[Dataset items]

╭──

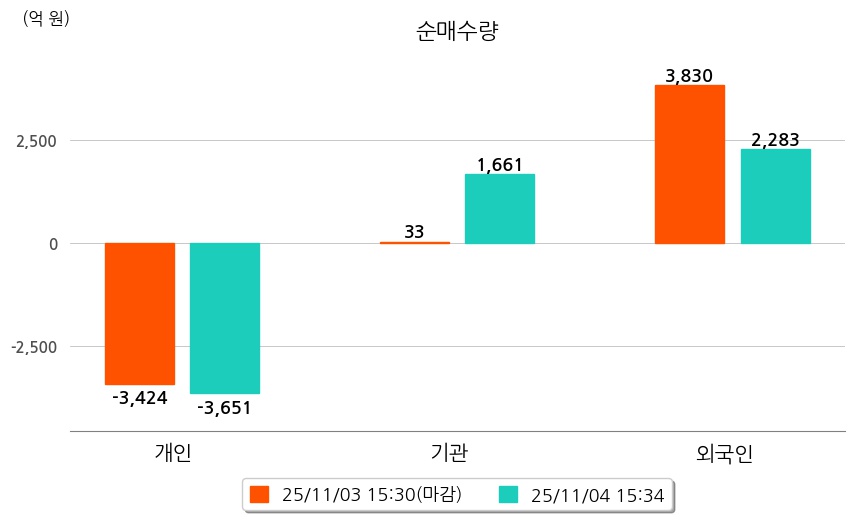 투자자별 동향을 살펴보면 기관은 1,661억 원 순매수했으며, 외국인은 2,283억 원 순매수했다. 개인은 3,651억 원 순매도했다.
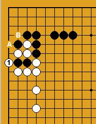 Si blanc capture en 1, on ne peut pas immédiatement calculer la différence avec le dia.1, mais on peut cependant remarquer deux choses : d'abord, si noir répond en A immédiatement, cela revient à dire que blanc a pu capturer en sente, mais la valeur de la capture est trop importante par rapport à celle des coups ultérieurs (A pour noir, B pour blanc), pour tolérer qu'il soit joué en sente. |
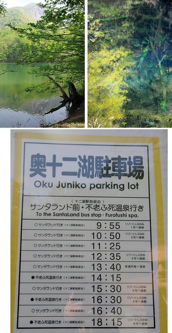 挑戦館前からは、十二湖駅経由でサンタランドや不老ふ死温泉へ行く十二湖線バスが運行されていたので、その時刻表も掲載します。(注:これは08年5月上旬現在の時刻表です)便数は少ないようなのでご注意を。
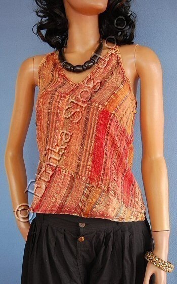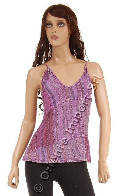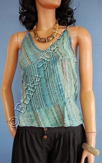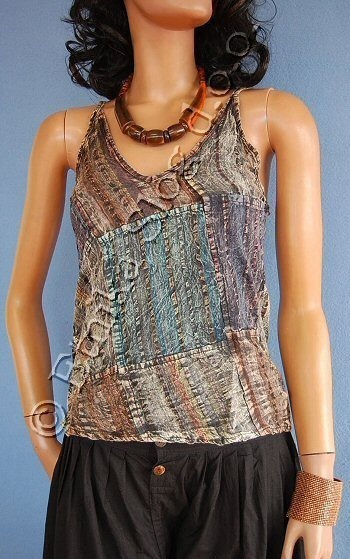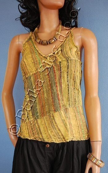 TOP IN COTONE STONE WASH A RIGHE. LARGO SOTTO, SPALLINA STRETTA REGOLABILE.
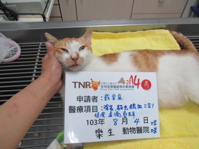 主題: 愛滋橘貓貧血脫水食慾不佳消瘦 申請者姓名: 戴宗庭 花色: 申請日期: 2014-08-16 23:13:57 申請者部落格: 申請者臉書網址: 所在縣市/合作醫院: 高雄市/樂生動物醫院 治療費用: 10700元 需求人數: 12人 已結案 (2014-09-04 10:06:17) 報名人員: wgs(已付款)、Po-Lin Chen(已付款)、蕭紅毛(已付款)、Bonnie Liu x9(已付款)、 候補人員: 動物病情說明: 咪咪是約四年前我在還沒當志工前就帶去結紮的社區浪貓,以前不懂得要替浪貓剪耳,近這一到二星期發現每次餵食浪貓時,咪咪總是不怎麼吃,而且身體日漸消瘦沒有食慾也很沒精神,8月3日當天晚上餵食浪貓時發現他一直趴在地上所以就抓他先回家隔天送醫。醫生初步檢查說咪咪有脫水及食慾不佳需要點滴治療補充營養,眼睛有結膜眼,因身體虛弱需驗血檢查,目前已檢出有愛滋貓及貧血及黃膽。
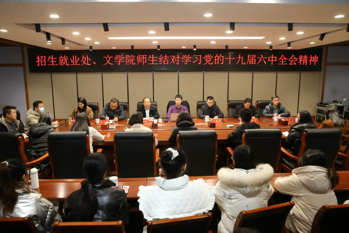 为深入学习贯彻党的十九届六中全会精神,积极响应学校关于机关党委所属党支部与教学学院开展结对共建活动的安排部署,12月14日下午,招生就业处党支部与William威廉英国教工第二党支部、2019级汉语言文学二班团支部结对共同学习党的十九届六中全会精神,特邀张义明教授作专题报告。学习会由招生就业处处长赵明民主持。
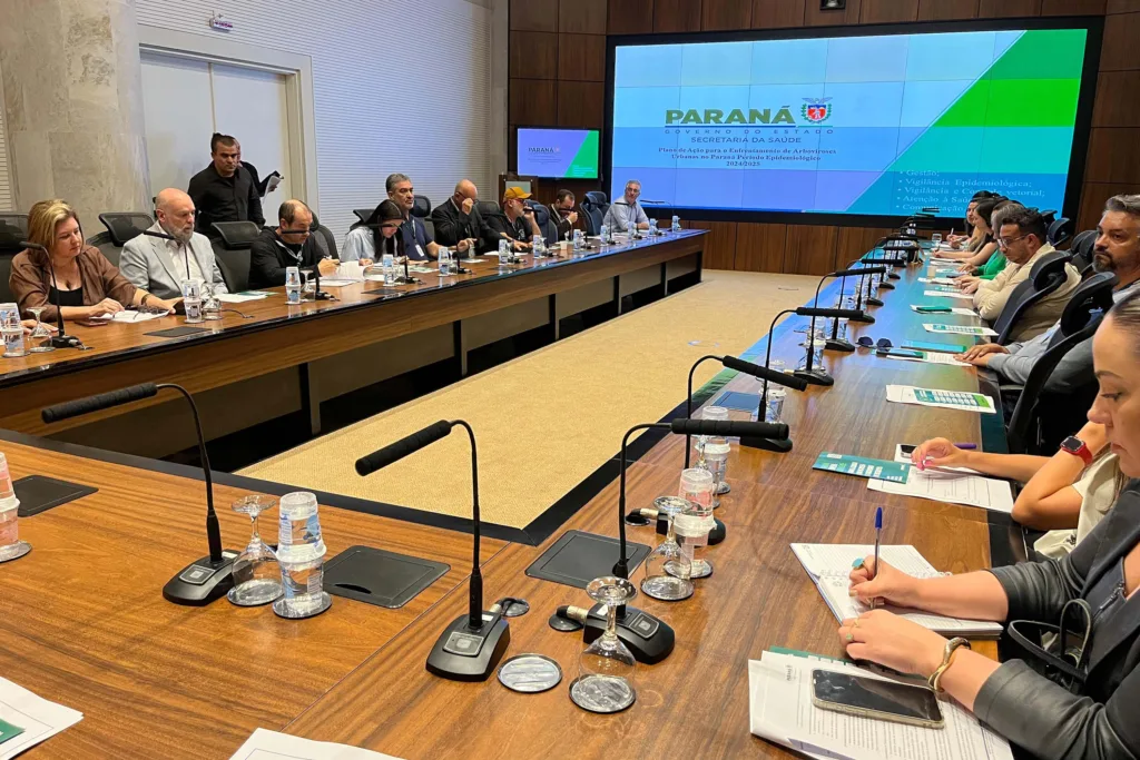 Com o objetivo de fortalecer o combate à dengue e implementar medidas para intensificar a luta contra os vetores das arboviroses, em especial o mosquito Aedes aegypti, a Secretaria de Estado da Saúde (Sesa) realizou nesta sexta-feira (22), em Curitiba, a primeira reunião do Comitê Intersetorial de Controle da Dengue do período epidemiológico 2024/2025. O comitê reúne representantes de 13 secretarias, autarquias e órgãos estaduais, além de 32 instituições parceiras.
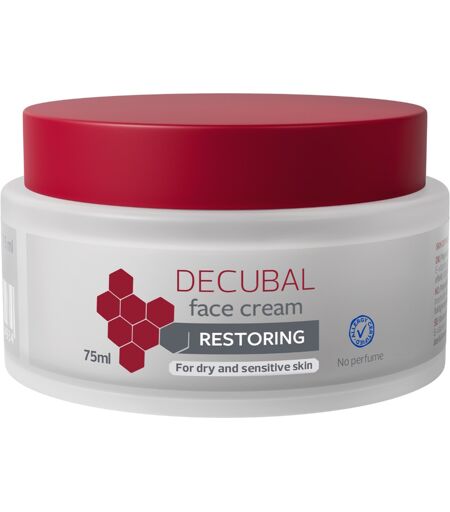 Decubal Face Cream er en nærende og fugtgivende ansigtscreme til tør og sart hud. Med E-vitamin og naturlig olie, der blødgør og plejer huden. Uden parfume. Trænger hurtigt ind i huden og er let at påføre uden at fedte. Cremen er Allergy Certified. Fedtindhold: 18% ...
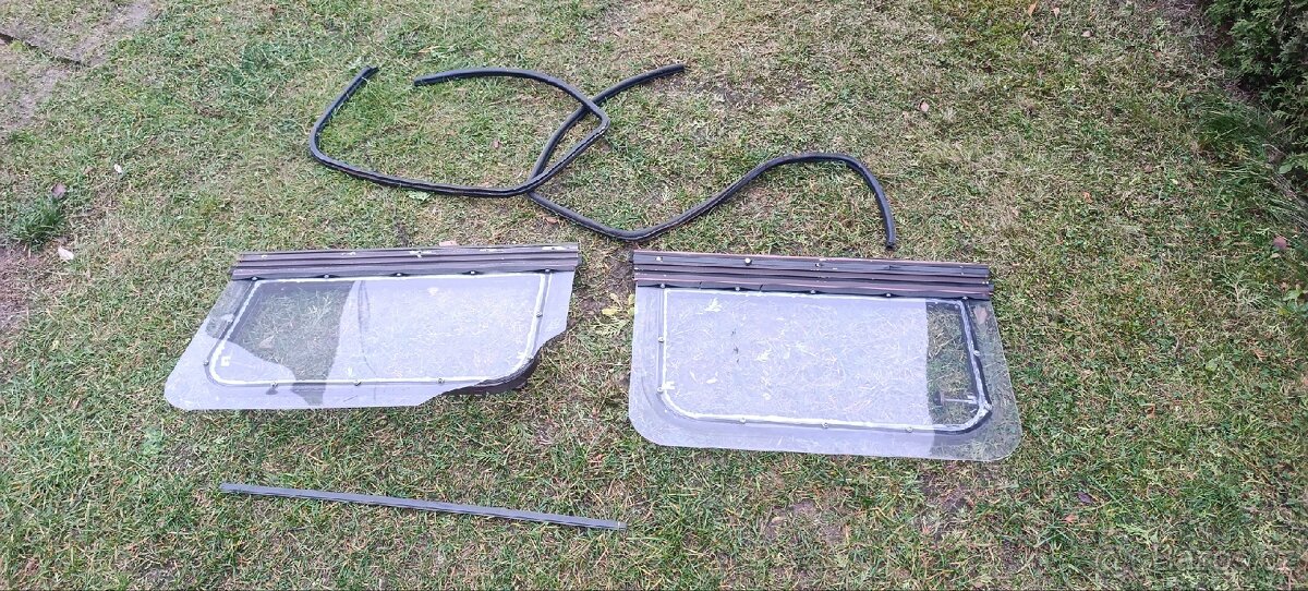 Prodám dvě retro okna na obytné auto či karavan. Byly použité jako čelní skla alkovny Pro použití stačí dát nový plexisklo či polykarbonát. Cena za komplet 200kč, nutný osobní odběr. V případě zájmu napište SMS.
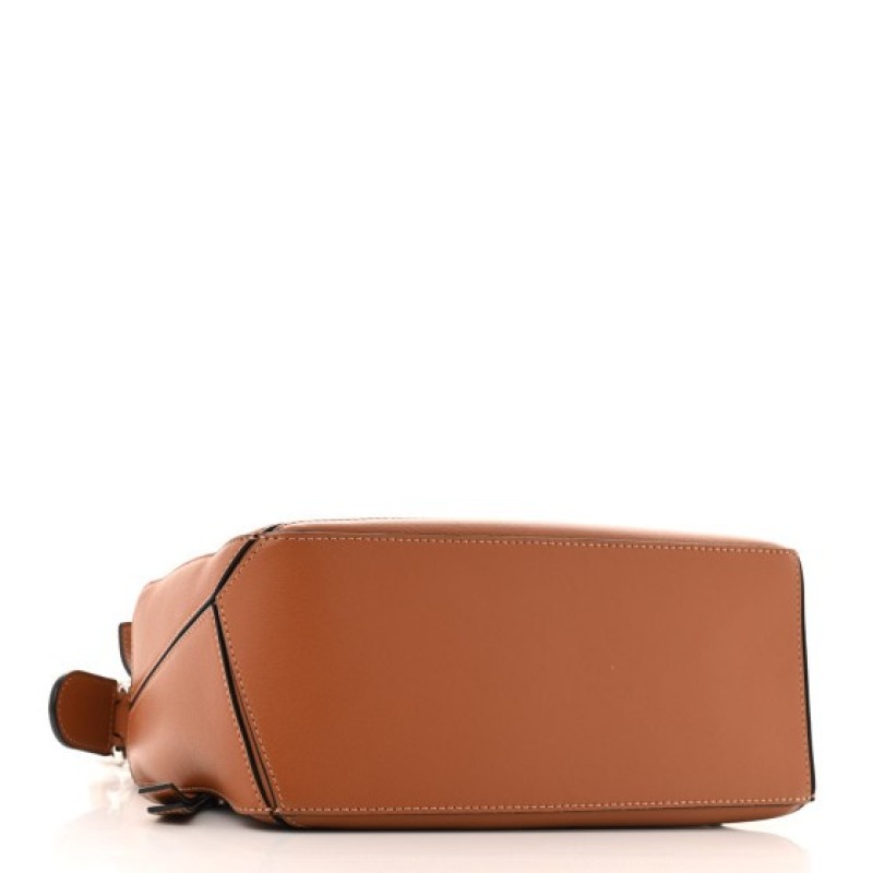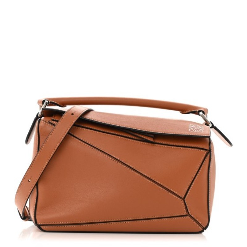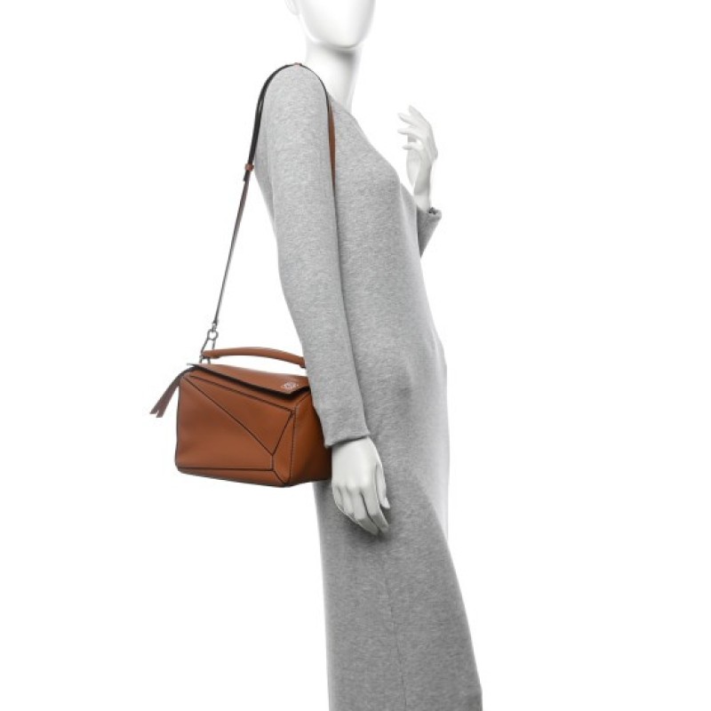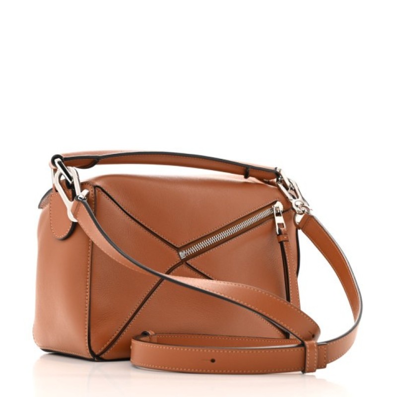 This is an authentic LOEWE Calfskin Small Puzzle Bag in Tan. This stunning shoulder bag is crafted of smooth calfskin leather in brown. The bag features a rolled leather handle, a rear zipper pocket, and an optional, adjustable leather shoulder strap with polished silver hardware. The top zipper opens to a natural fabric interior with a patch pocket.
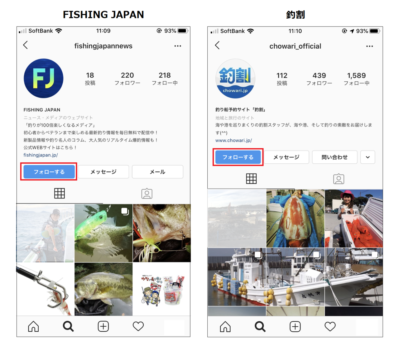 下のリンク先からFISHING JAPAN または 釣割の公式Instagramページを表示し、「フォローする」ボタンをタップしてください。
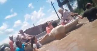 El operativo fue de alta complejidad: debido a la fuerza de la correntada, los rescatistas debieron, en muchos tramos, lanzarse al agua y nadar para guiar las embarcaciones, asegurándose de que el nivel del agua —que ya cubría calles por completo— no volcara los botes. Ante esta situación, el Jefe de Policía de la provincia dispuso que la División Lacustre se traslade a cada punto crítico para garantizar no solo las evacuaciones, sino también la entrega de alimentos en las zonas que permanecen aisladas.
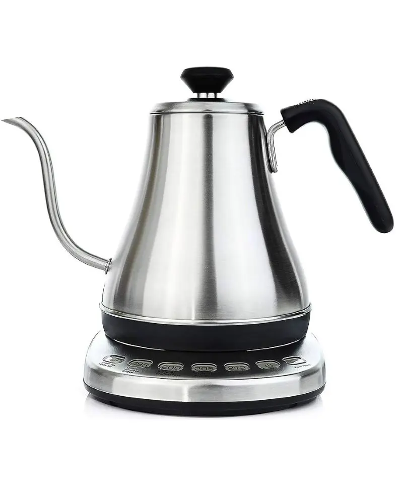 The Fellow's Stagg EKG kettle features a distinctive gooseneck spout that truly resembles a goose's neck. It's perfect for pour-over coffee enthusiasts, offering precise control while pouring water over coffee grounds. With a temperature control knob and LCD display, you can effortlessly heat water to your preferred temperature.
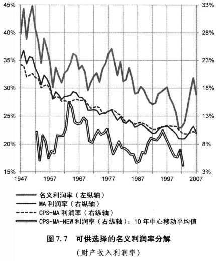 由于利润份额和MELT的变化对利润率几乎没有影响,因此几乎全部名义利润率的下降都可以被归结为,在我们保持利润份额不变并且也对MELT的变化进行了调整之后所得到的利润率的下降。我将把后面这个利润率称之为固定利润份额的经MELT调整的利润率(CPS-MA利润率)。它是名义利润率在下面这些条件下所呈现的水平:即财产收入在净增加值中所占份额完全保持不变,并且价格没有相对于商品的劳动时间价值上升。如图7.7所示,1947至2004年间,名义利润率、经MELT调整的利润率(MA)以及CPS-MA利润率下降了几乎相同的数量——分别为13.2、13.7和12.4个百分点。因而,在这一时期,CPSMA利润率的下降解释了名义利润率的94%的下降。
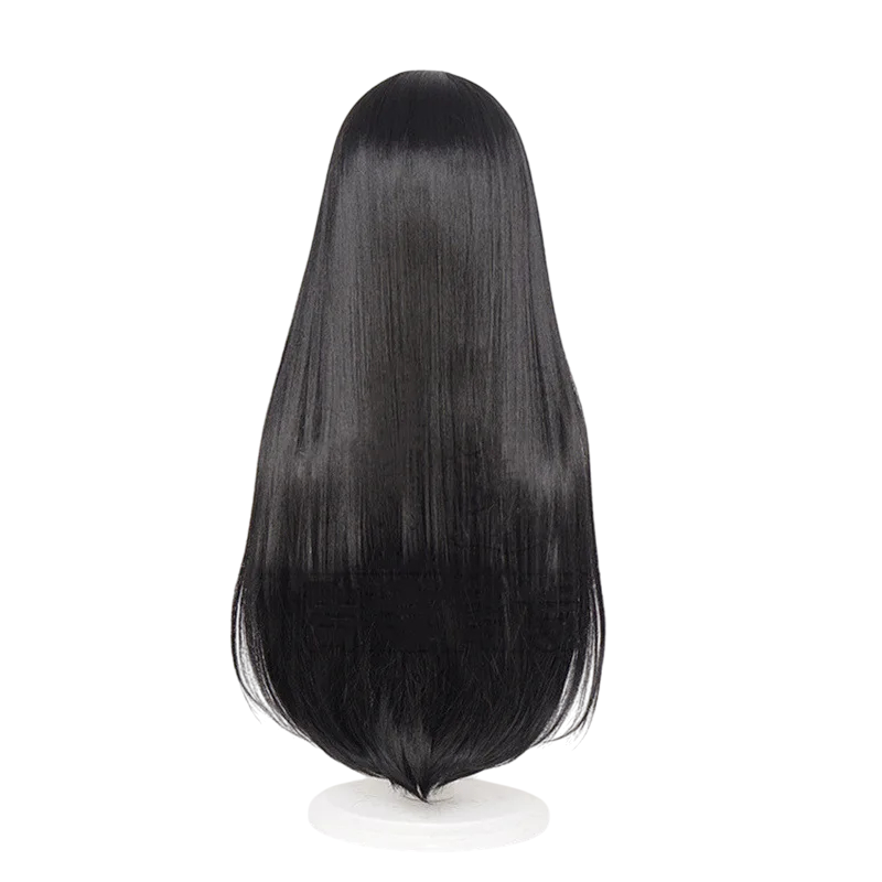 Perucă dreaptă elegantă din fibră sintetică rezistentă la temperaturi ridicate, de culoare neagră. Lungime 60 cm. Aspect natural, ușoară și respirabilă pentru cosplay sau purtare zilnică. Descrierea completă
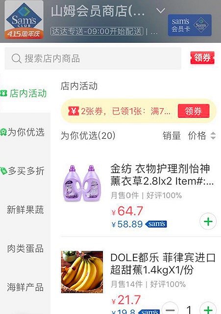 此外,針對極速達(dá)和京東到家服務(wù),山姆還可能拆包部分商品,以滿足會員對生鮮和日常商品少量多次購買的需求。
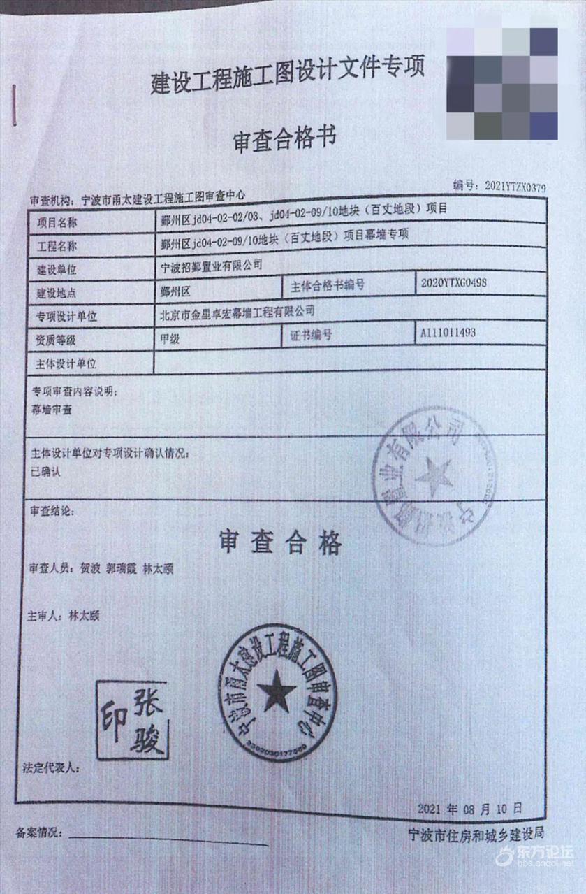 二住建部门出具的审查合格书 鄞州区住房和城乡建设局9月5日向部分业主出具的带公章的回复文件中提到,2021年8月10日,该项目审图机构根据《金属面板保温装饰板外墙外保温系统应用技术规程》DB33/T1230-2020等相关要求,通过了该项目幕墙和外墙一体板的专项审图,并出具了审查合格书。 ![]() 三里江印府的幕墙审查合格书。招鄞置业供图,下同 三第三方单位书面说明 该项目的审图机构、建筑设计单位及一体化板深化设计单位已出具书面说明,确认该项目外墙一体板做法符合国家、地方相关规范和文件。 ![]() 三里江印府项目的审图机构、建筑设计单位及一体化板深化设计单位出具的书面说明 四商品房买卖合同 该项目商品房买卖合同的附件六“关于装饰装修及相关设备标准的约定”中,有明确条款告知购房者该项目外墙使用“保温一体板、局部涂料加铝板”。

╰──

_Exercise aim_
With images excluded, write the records above out again exactly.

_Output of the exercise_
 투자자별 동향을 살펴보면 기관은 1,661억 원 순매수했으며, 외국인은 2,283억 원 순매수했다. 개인은 3,651억 원 순매도했다.
 Si blanc capture en 1, on ne peut pas immédiatement calculer la différence avec le dia.1, mais on peut cependant remarquer deux choses : d'abord, si noir répond en A immédiatement, cela revient à dire que blanc a pu capturer en sente, mais la valeur de la capture est trop importante par rapport à celle des coups ultérieurs (A pour noir, B pour blanc), pour tolérer qu'il soit joué en sente. |
 挑戦館前からは、十二湖駅経由でサンタランドや不老ふ死温泉へ行く十二湖線バスが運行されていたので、その時刻表も掲載します。(注:これは08年5月上旬現在の時刻表です)便数は少ないようなのでご注意を。
 TOP IN COTONE STONE WASH A RIGHE. LARGO SOTTO, SPALLINA STRETTA REGOLABILE.
 主題: 愛滋橘貓貧血脫水食慾不佳消瘦 申請者姓名: 戴宗庭 花色: 申請日期: 2014-08-16 23:13:57 申請者部落格: 申請者臉書網址: 所在縣市/合作醫院: 高雄市/樂生動物醫院 治療費用: 10700元 需求人數: 12人 已結案 (2014-09-04 10:06:17) 報名人員: wgs(已付款)、Po-Lin Chen(已付款)、蕭紅毛(已付款)、Bonnie Liu x9(已付款)、 候補人員: 動物病情說明: 咪咪是約四年前我在還沒當志工前就帶去結紮的社區浪貓,以前不懂得要替浪貓剪耳,近這一到二星期發現每次餵食浪貓時,咪咪總是不怎麼吃,而且身體日漸消瘦沒有食慾也很沒精神,8月3日當天晚上餵食浪貓時發現他一直趴在地上所以就抓他先回家隔天送醫。醫生初步檢查說咪咪有脫水及食慾不佳需要點滴治療補充營養,眼睛有結膜眼,因身體虛弱需驗血檢查,目前已檢出有愛滋貓及貧血及黃膽。
 为深入学习贯彻党的十九届六中全会精神,积极响应学校关于机关党委所属党支部与教学学院开展结对共建活动的安排部署,12月14日下午,招生就业处党支部与William威廉英国教工第二党支部、2019级汉语言文学二班团支部结对共同学习党的十九届六中全会精神,特邀张义明教授作专题报告。学习会由招生就业处处长赵明民主持。
 Com o objetivo de fortalecer o combate à dengue e implementar medidas para intensificar a luta contra os vetores das arboviroses, em especial o mosquito Aedes aegypti, a Secretaria de Estado da Saúde (Sesa) realizou nesta sexta-feira (22), em Curitiba, a primeira reunião do Comitê Intersetorial de Controle da Dengue do período epidemiológico 2024/2025. O comitê reúne representantes de 13 secretarias, autarquias e órgãos estaduais, além de 32 instituições parceiras.
 Decubal Face Cream er en nærende og fugtgivende ansigtscreme til tør og sart hud. Med E-vitamin og naturlig olie, der blødgør og plejer huden. Uden parfume. Trænger hurtigt ind i huden og er let at påføre uden at fedte. Cremen er Allergy Certified. Fedtindhold: 18% ...
 Prodám dvě retro okna na obytné auto či karavan. Byly použité jako čelní skla alkovny Pro použití stačí dát nový plexisklo či polykarbonát. Cena za komplet 200kč, nutný osobní odběr. V případě zájmu napište SMS.
 This is an authentic LOEWE Calfskin Small Puzzle Bag in Tan. This stunning shoulder bag is crafted of smooth calfskin leather in brown. The bag features a rolled leather handle, a rear zipper pocket, and an optional, adjustable leather shoulder strap with polished silver hardware. The top zipper opens to a natural fabric interior with a patch pocket.
 下のリンク先からFISHING JAPAN または 釣割の公式Instagramページを表示し、「フォローする」ボタンをタップしてください。
 El operativo fue de alta complejidad: debido a la fuerza de la correntada, los rescatistas debieron, en muchos tramos, lanzarse al agua y nadar para guiar las embarcaciones, asegurándose de que el nivel del agua —que ya cubría calles por completo— no volcara los botes. Ante esta situación, el Jefe de Policía de la provincia dispuso que la División Lacustre se traslade a cada punto crítico para garantizar no solo las evacuaciones, sino también la entrega de alimentos en las zonas que permanecen aisladas.
 The Fellow's Stagg EKG kettle features a distinctive gooseneck spout that truly resembles a goose's neck. It's perfect for pour-over coffee enthusiasts, offering precise control while pouring water over coffee grounds. With a temperature control knob and LCD display, you can effortlessly heat water to your preferred temperature.
 由于利润份额和MELT的变化对利润率几乎没有影响,因此几乎全部名义利润率的下降都可以被归结为,在我们保持利润份额不变并且也对MELT的变化进行了调整之后所得到的利润率的下降。我将把后面这个利润率称之为固定利润份额的经MELT调整的利润率(CPS-MA利润率)。它是名义利润率在下面这些条件下所呈现的水平:即财产收入在净增加值中所占份额完全保持不变,并且价格没有相对于商品的劳动时间价值上升。如图7.7所示,1947至2004年间,名义利润率、经MELT调整的利润率(MA)以及CPS-MA利润率下降了几乎相同的数量——分别为13.2、13.7和12.4个百分点。因而,在这一时期,CPSMA利润率的下降解释了名义利润率的94%的下降。
 Perucă dreaptă elegantă din fibră sintetică rezistentă la temperaturi ridicate, de culoare neagră. Lungime 60 cm. Aspect natural, ușoară și respirabilă pentru cosplay sau purtare zilnică. Descrierea completă
 此外,針對極速達(dá)和京東到家服務(wù),山姆還可能拆包部分商品,以滿足會員對生鮮和日常商品少量多次購買的需求。
 二住建部门出具的审查合格书 鄞州区住房和城乡建设局9月5日向部分业主出具的带公章的回复文件中提到,2021年8月10日,该项目审图机构根据《金属面板保温装饰板外墙外保温系统应用技术规程》DB33/T1230-2020等相关要求,通过了该项目幕墙和外墙一体板的专项审图,并出具了审查合格书。 ![]() 三里江印府的幕墙审查合格书。招鄞置业供图,下同 三第三方单位书面说明 该项目的审图机构、建筑设计单位及一体化板深化设计单位已出具书面说明,确认该项目外墙一体板做法符合国家、地方相关规范和文件。 ![]() 三里江印府项目的审图机构、建筑设计单位及一体化板深化设计单位出具的书面说明 四商品房买卖合同 该项目商品房买卖合同的附件六“关于装饰装修及相关设备标准的约定”中,有明确条款告知购房者该项目外墙使用“保温一体板、局部涂料加铝板”。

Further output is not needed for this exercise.